- Developer: Sublogic
- Publisher: Microsoft
- Designer: Bruce Artwick
- Series: Microsoft Flight Simulator
- Platform: MS-DOS
- Release: 1988
- Genre: Flight simulation
- Mode: Single-player

= Microsoft Flight Simulator 3.0 =

1988 video game

Microsoft Flight Simulator, commonly known as Microsoft Flight Simulator 3.0 or FS3, is a flight simulator video game released in mid-1988 for the MS-DOS.

==Gameplay==

FS 3.0 – Many more buildings and additional aircraft. For the first time, users had an option to view the aircraft from the outside. A Cessna Skylane flying over Chicago is shown here.

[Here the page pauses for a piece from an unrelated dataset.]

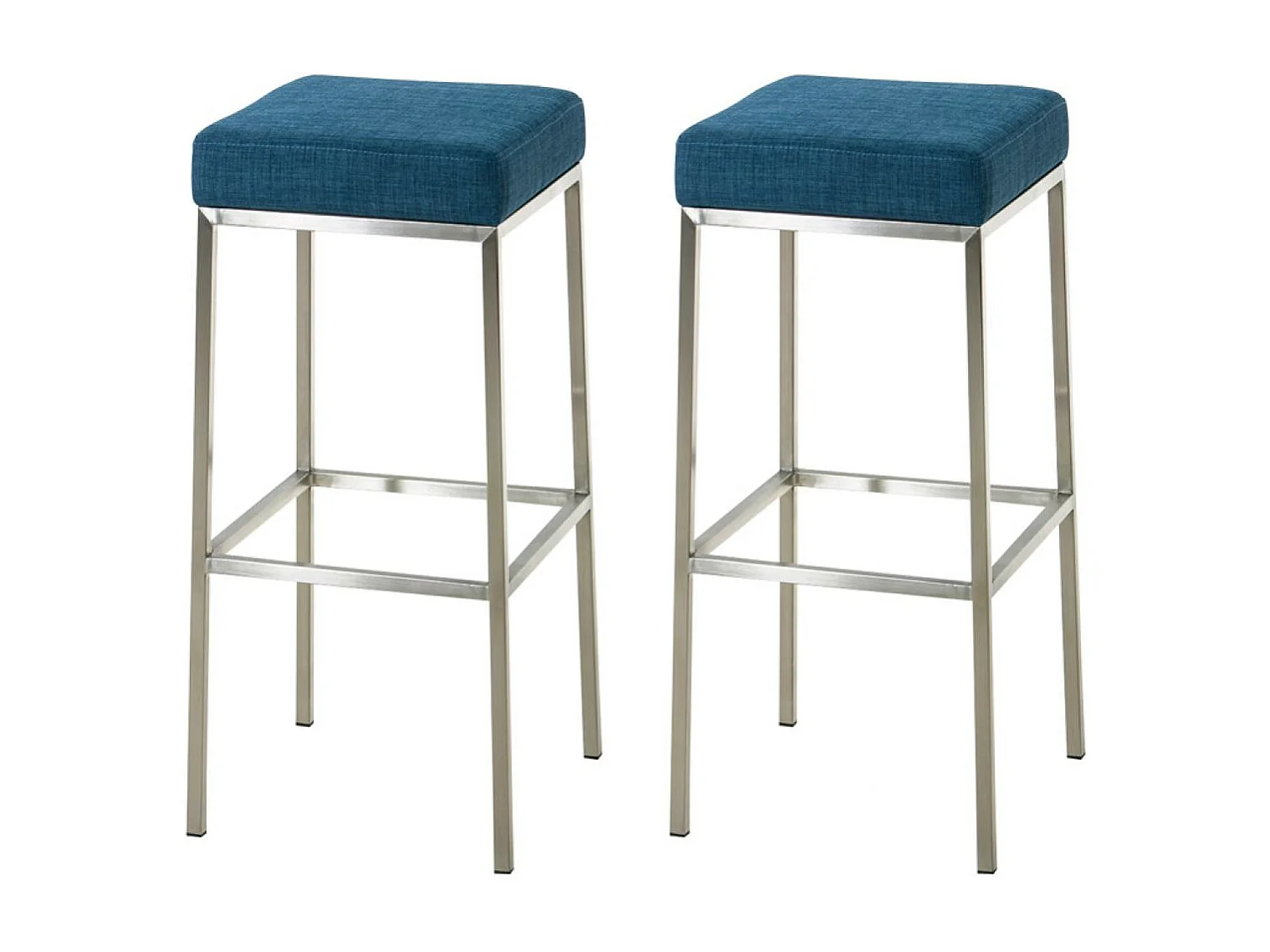 Lot de 2 Tabouret de bar - Tissu & Acier inoxydable - Bleu - Montreal 80

Microsoft Flight Simulator 3 improved the flight experience by adding additional aircraft and airports to the simulated area found in Microsoft Flight Simulator 2.0, as well as improved high-res (EGA) graphics, and other features lifted from the Amiga/ST versions.

The three simulated aircraft were the Gates Learjet 25, Cessna Skylane, and Sopwith Camel. Flight Simulator 3 also allowed the user to customize the display; multiple windows, each displaying one of several views, could be positioned and sized on the screen. The supported views included the instrument and control panel, a map view, and various external camera angles.

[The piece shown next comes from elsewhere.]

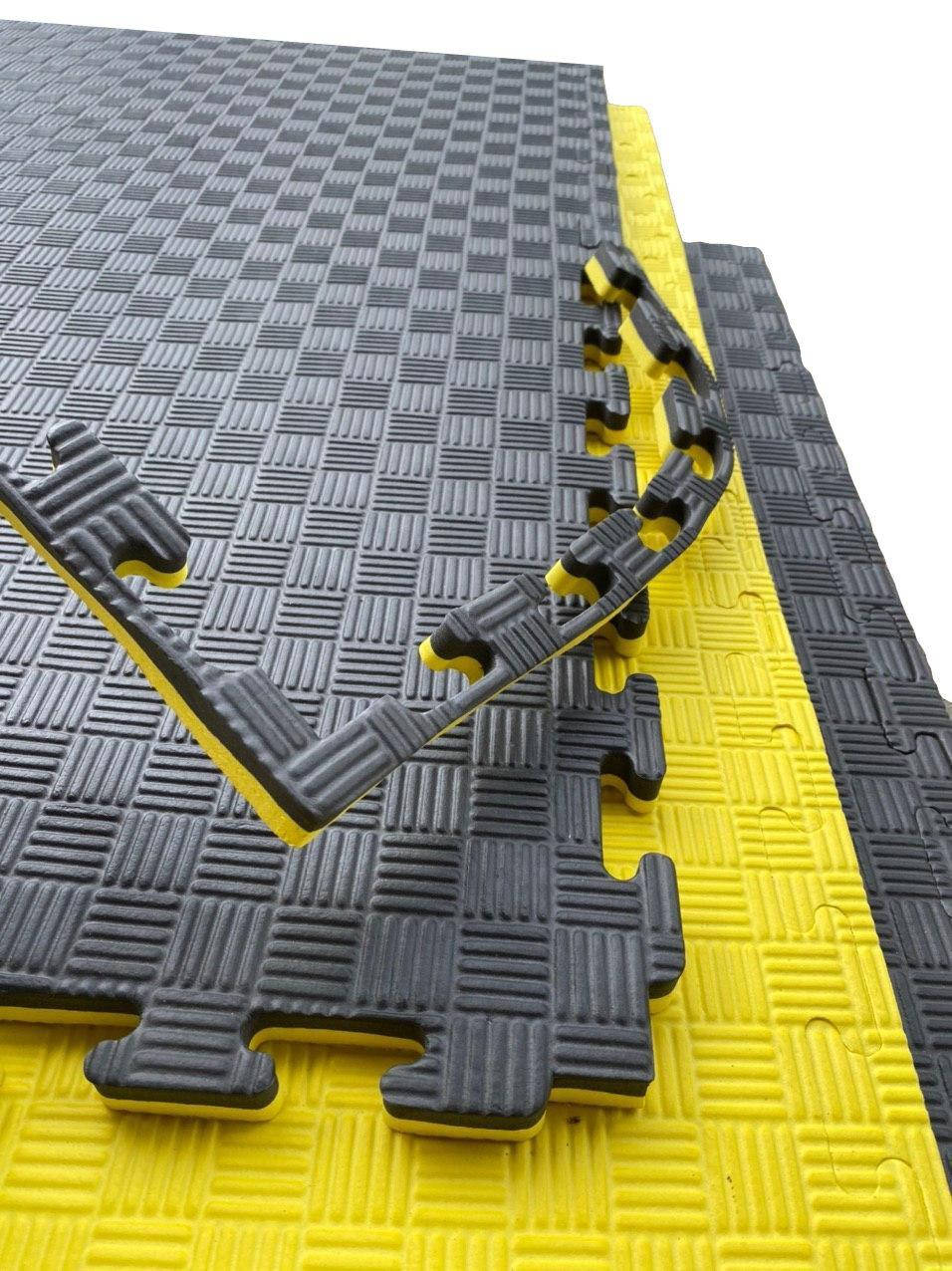 Мат татами ласточкин хвост 1000х1000х20мм EVA черно-желтый

This version included a program to convert the old series of Sublogic Scenery Disks into scenery files (known as SCN files), which could then be copied to the FS3 directory, allowing the user to expand the FS world.

==Reception==
Richard Sheffield for Compute! said "If you earned your wings on an old Flight Simulator version, you'll enjoy and appreciate the improvement made to version 3.0. If you're new to the hangar, this is the package to start with."

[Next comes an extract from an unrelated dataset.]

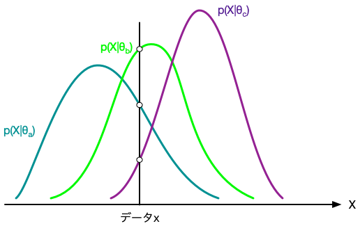 分布関数のパラメータによって、与えられたデータに対する尤度が変化する様子

Robert Luhn for PC World said "if you're anxious for the next step in flight simulation, pick up version 3.0."

Steve Williams for Family Computing said "The graphics of Version 3.0 look better; the game system allows for more flexibility; and the improved planes give flying aces fresh challenges while the new options help novice pilots ease into flying. Flight Simulator 3.0 leaves all the other flight simulators flapping their wings."